#### Records for this exercise:
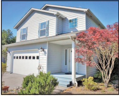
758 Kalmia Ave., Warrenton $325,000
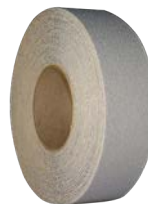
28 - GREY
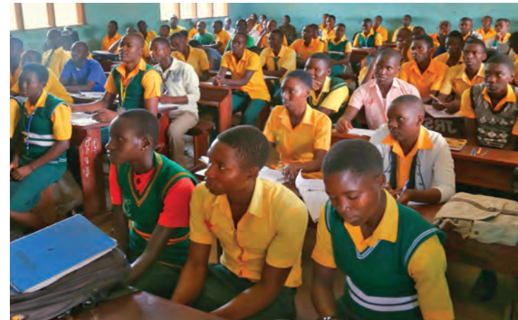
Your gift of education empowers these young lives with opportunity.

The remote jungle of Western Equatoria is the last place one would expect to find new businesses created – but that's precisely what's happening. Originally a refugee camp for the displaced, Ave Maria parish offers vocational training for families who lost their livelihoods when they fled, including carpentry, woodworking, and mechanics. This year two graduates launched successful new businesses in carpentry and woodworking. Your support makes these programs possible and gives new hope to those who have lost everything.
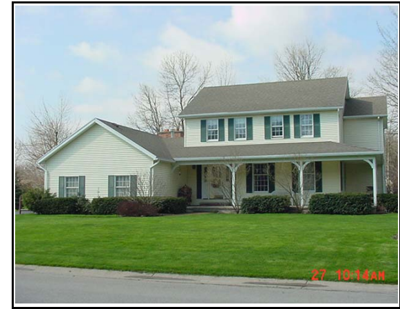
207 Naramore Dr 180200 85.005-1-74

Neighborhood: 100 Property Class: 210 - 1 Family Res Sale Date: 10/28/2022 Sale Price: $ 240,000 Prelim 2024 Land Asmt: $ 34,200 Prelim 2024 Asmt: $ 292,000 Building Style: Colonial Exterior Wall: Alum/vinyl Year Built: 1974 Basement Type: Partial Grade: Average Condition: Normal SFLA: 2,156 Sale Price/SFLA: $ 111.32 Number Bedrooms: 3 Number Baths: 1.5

#### What the exercise asks:
Scan the records above for the string "Your", and copy every line where it turns up.

#### Solution:
Your gift of education empowers these young lives with opportunity.
The remote jungle of Western Equatoria is the last place one would expect to find new businesses created – but that's precisely what's happening. Originally a refugee camp for the displaced, Ave Maria parish offers vocational training for families who lost their livelihoods when they fled, including carpentry, woodworking, and mechanics. This year two graduates launched successful new businesses in carpentry and woodworking. Your support makes these programs possible and gives new hope to those who have lost everything.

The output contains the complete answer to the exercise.